O ALVES
Era de Benguela mas visitava frequentemente o Cubal.
Pai do nosso grande amigo Victor Alves de que todos se devem recordar não só por ter sido bancário no Cubal como também pela grande atividade desportiva e colaboração que prestou ao nosso Recreativo que graças ao dinamismo do Victor viu a sua equipe de futebol disputando o campeonato angolano.
Porém, era o Victor ainda criança quando certa noite a população do Cubal viu a sua rotina quebrada pelo barulho de um avião sobrevoando a povoação, melhor, uma avionete como se chamavam os pequenos monomotores de dois lugares.
Toda a gente saiu de casa, às pressas, para apreciar o inédito espetáculo.
O avião deu uma volta larga e retornou. Desta vez, ao passar sobre a povoação, cortou o motor e de lá de cima se ouviu uma voz que gritava:
- Mandem carros para o campo! Mandem carros para o campo!
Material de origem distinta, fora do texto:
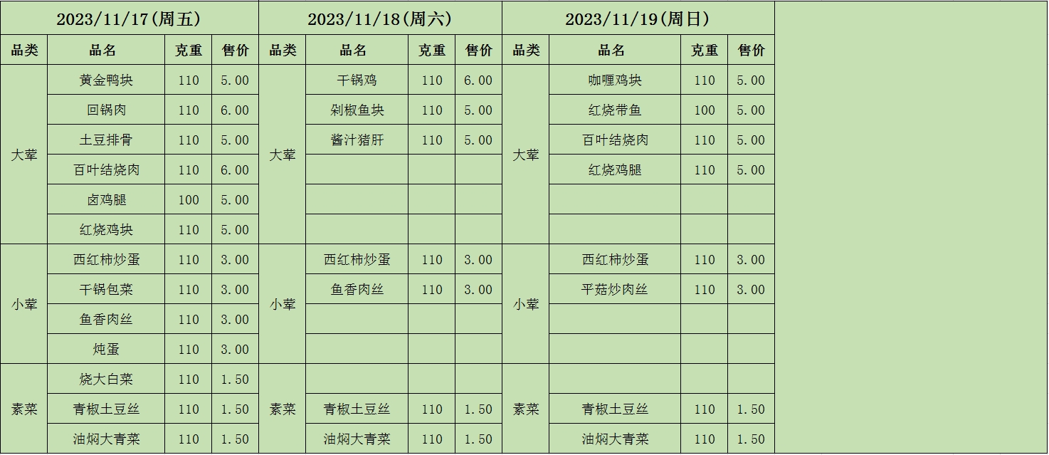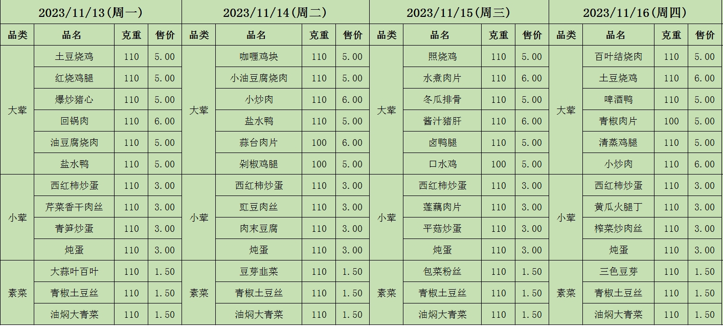 周菜单(2023年11月13日-11月19日--教育园校区食堂)
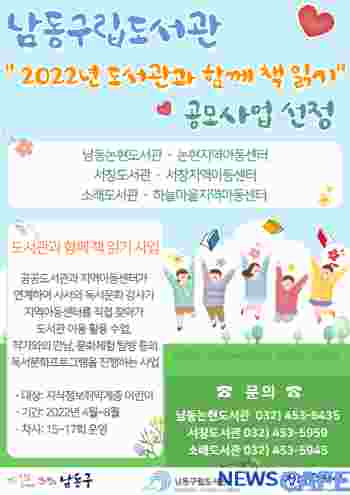 [뉴스카페]인천시 남동구는 남동논현도서관, 서창도서관, 소래도서관이 국립어린이청소년도서관 주관 ‘2022년 도서관과 함께 책 읽기’ 공모사업에 선정됐다고 22일 밝혔다.

O povo não acreditava no que ouvia tal era o espanto e, de novo, calando o motor à passagem, o mesmo apelo:
- Mandem carros para o campo!
Saindo do estupor inicial causado pela surpresa, todos começaram a movimentar-se, gritando sugestões, tentando, enfim, colaborar na tentativa unânime de salvar o aflito piloto.
- Lanternas! Vamos levar lanternas! Quem tem lanterna? – indagava um.
- Qualquer coisa que dê luz. Archotes. Vamos fazer archotes. – aventava outro.
- Vamos depressa. O homem está em dificuldade. – incentivava um terceiro.
- Eu levo uma vela... -
- Toquem o sino da Igreja...
A esta altura, a pequena povoação habitualmente pacata, era sacudida por um movimento frenético. Carros, (que não seriam mais de cinco naquela época); vultos munidos de lanternas de mão; outros, portando potentes farolins de caça; ainda outros, pelos lados do bairro dos ferroviários, com lanternas de cabeça, acessório obrigatório do equipamento profissional dos maquinistas; todos surgindo dos mais diversos pontos e movimentando-se rapidamente com o mesmo objectivo.
Ninguém se preocupou em tocar o sino da Igreja como foi sugerido nem foi necessário porque os ferroviários em serviço no depósito de máquinas, impedidos de colaborar, abriram as goelas das locomotivas ali estacionadas soltando seus estridentes apitos. Estranhas e imprevisíveis as rações humanas.
O inusitado movimento, a gritaria, os apitos, provocaram não só desmaios entre senhoras como também um violento ataque de riso a outra cujo nome não me ocorre, mas com a curiosa alcunha de “Pior”.
Finalmente, com o campo referenciado, o pequeno avião aterrissou por sobre alto capim e “bissapas” já que, por falta de demanda, não era capinado havia longos meses.
Todos acorreram curiosos para ver quem ajudaram a salvar e os gritos de alegria foram ainda maiores quando o piloto assomou e reconheceram nele o velho amigo Alves.
- Estava quase sem gasolina. Se vocês atrasassem, eu teria aterrado mesmo na rua - foi gritando, enquanto desembarcava, referindo-se com certeza à rua principal que era a única iluminada.
Foi um bom motivo para dali irem para o Hotel Central, único ponto social naquele tempo e ali vararem a noite bebendo e ouvindo o Alves contar a história pormenorizadamente e peripécias outras que passara pelos vastos céus da nossa Angola.
Afinal, havia que aproveitar pois ninguém sabia quando é que o Cubal teria outro caso que o tirasse da pacata rotina de pequena povoação.